From the plot above we can see that attribution algorithms sometimes disagree on assigning importance scores and that they are not always aligned with weights. However, we can still observe that the top important three features: `LSTAT`

, `RM`

and `PTRATIO`

are also considered to be important based on both most attribution algorithms and the weight scores.

It is interesting to observe that the feature `B`

has high positive attribution score based on some of the attribution algorithms. This can be related, for example, to the choice of the baseline. In this tutorial we use zero-valued baselines for all features, however if we were to choose those values more carefully for each feature the picture will change. Similar arguments apply also when the signs of the weights and attributions mismatches or when one algorithm assigns higher or lower attribution scores compare to the others.

In terms of least important features, we observe that `CHAS`

and `RAD`

are voted to be least important both based on most attribution algorithms and learned coefficients.

Another interesting observation is that both Integrated Gradients and DeepLift return similar attribution scores across all features. This is associated with the fact that although we have non-linearities in our model, their effects aren't significant and DeepLift is close to `(input - baselines) * gradients`

. And because the gradients do not change significantly along the straight line from baseline to input, we observe similar situation with Integrated Gradients as well.

Now let's beside attributing to the inputs of the model, also attribute to the layers of the model and understand which neurons appear to be more important.

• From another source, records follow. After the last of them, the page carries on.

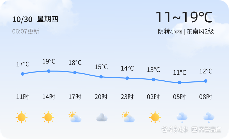 今日(10月30日,星期四,农历九月初十)菏泽市迎来阴雨天气,气温在11℃至19℃之间,东南风2级,空气湿度达88%,PM2.5指数为79。全市各区天气状况基本一致,阴转小雨,提醒市民外出携带雨具并注意保暖。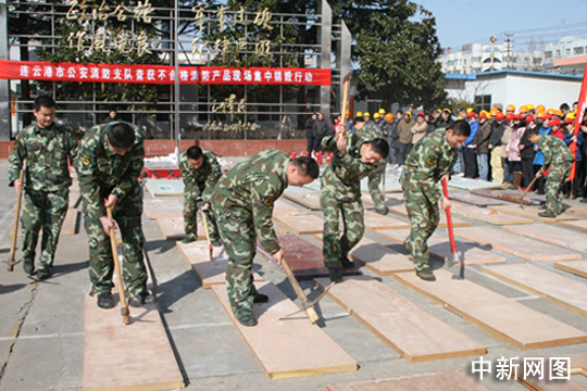 中新網(wǎng)連云港3月10日電 (蘇欣 吳茂新 朱曉穎)10日上午,在連云港市消防支隊(duì)營(yíng)區(qū)院內(nèi),由消防部門(mén)聯(lián)合工商、質(zhì)監(jiān)共同查獲的不合格滅火器、消火栓、消防應(yīng)急照明燈等520余件消防假冒偽劣產(chǎn)品被集中銷毀。
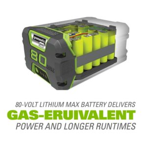 Greenworks is starting a revolution in outdoor power equipment starting with its Greenworks Pro 80V Li-Ion MAX system. Combined with our Digital Pro Brushless motor, this is the highest voltage, gas equivalent, commercial grade cordless outdoor power tool system in the industry. Featuring the simple electric start, light weight designs and quieter motor, professionals and heavy Dyers can now tackle tough jobs through variable terrain without the hassle of gas, fumes, heavy gear or delicate maintenance needs of gas powered engines. The evolution of Greenworks lithium-ion technology and designs have made it possible for professionals to get their jobs done by simply snapping in a battery and pressing a button while delivering high performance power and longer run time to get the job done. Greenworks Pro 80V Li-Ion MAX System features a Jet Blower, 18-inch Chainsaw, Hedge Trimmer, String Trimmer, Lawn Mower. With Greenworks, we understand that it’s not just a toolkit’s your life.
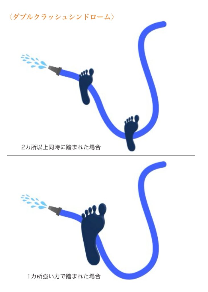 ダブルクラッシュシンドロームとは、末梢神経が2か所以上で障害されることで、痺れの症状が増強したり持続しやすくなる病態のことを言います。

In the cell below we will attribute to the inputs of the second linear layer of our model. Similar to the previous case, the attribution is performed on the test dataset.

In [17]:

```
# Compute the attributions of the output with respect to the inputs of the fourth linear layer
lc = LayerConductance(model, model.lin4)
lc_attr_test = lc.attribute(X_test, n_steps=100, attribute_to_layer_input=True)
# shape: test_examples x size_hidden
lc_attr_test = lc_attr_test[0]
# weights from forth linear layer
# shape: size_hidden4 x size_hidden3
lin4_weight = model.lin4.weight
```

In the cell below we normalize and visualize the attributions and learned model weights for all 10 neurons in the fourth hidden layer. The weights represent the weight matrix of the fourth linear layer. The attributions are computed with respect to the inputs of the fourth linear layer.

In [18]:

```
plt.figure(figsize=(15, 8))
x_axis_data = np.arange(lc_attr_test.shape[1])
y_axis_lc_attr_test = lc_attr_test.mean(0).detach().numpy()
y_axis_lc_attr_test = y_axis_lc_attr_test / np.linalg.norm(y_axis_lc_attr_test, ord=1)
y_axis_lin4_weight = lin4_weight[0].detach().numpy()
y_axis_lin4_weight = y_axis_lin4_weight / np.linalg.norm(y_axis_lin4_weight, ord=1)
width = 0.25
legends = ['Attributions','Weights']
x_axis_labels = [ 'Neuron {}'.format(i) for i in range(len(y_axis_lin4_weight))]
ax = plt.subplot()
ax.set_title('Aggregated neuron importances and learned weights in the last linear layer of the model')
ax.bar(x_axis_data + width, y_axis_lc_attr_test, width, align='center', alpha=0.5, color='red')
ax.bar(x_axis_data + 2 * width, y_axis_lin4_weight, width, align='center', alpha=0.5, color='green')
plt.legend(legends, loc=2, prop={'size': 20})
ax.autoscale_view()
plt.tight_layout()
ax.set_xticks(x_axis_data + 0.5)
ax.set_xticklabels(x_axis_labels)
plt.show()
```

It is interesting to observe that the weights and attribution scores are well aligned for all 10 neurons in the last layer. Meaning that the neurons with negative weights also have negative attribution scores and we can observe the same for the positive weights and attributions.

We also observe that the neurons five and nine have very small attributions but relatively larger weights. Another interesting thing to observe is that the weights do not fluctuate much whereas attributions do fluctuate more relative to that and spike in Layer 4.